浄化魔法をかける事も出来るが、そこは『手を掛けると言う事が大切』らしい。
『スキンシップ』はとても大切だと、サバルディアーノで100年程大ベストセラーの育児書に書いてある。
でも、自分の洋服と布に付いたミルクは洗濯は面倒なので浄化魔法をかけておく。
私は自分で洗濯と言うのをした事がないのだが、娘のこれからの教育のためそう言う事も必要になるのだろうとも思う。
私の娘は、私の黒髪と瞳を受け継いでいるが、この子の持つ魔力はそう強くない。それが何故なのかは、恐らく一度心臓が止まり生き返った事が関係するのだろう。
私が息をするように使っている浄化魔法や他の様々な魔法を彼女がどこまで扱えるかはまだ未定である。
けれども、エルフの国でも魔力の弱い者やない者も生きている。
私は、娘が自分の力で狩りをし、逞しく生きるエルフ本来の森の民の様に生きて行けるように育てたいと思っているのだ。
そして、娘に、ニコリアナと言う名前を付けた。
妻の好きだった野に咲く白い花の名前だ。
「ニコ、愛しているよ、私のニコ、早く大きくなれ」
妻が生きていた頃には滅多な事では口に出さなかった言葉を娘には惜しみなく与える。
私の言葉に連動するように、一つの小さい光が二人の周りをくるくる回る。
それがニコリアナが息を吹き返した時に現れ、彼女の傍にくっついていたのを私は知っていたが、彼女を守る為に付いているが分かっていたのでこちらの気配には知らぬふりをしていた。

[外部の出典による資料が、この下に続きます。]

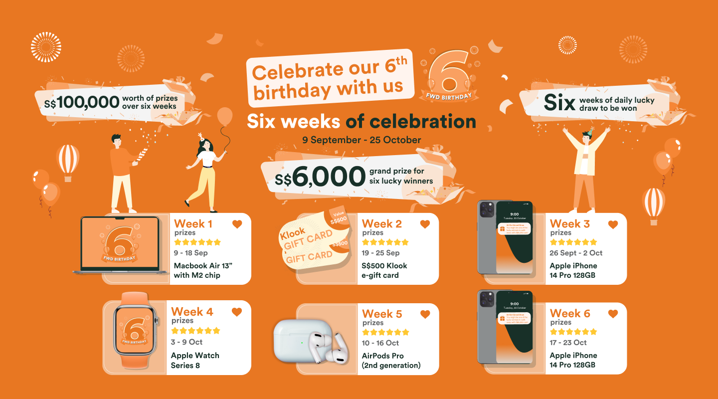 Celebrate our 6th birthday and win over S$100,000 worth of prizes over 6 weeks

「…お前は何物かはわからぬが、私のニコを傍で護りたいのであれば、私と契約するか?そうすれば私の力を分けてやるが、それは私に使役される事となるぞ」
私が光に話しかけると、光は理解したようにジェイフォリアの周りを回り始めた。
「そうか、ならば契約する、我の僕となりて愛し子を護れ」
床に魔法陣が現れ、小さい光は魔法陣の中でぐるぐると回り始める、下から獣の足が現れ段々と上に光が上がって行くに連れ、姿が現れて行く。
「何だ、お前はネズミか?我が娘は面白いモノを連れて居るな」
「ヂイッ!」
「違う?どこが?まあいい、形はネズミではないか、尻尾はリスか?」
「ヂーッ」
「文句を言うな、お前は…そうだな、当面『ネズミ』だ、そのうち娘に名付けして貰え」
「ヴるるる」
「よし、お前はこれから私の相棒だな」
それから、私とネズミの長い付き合いがはじまることになる。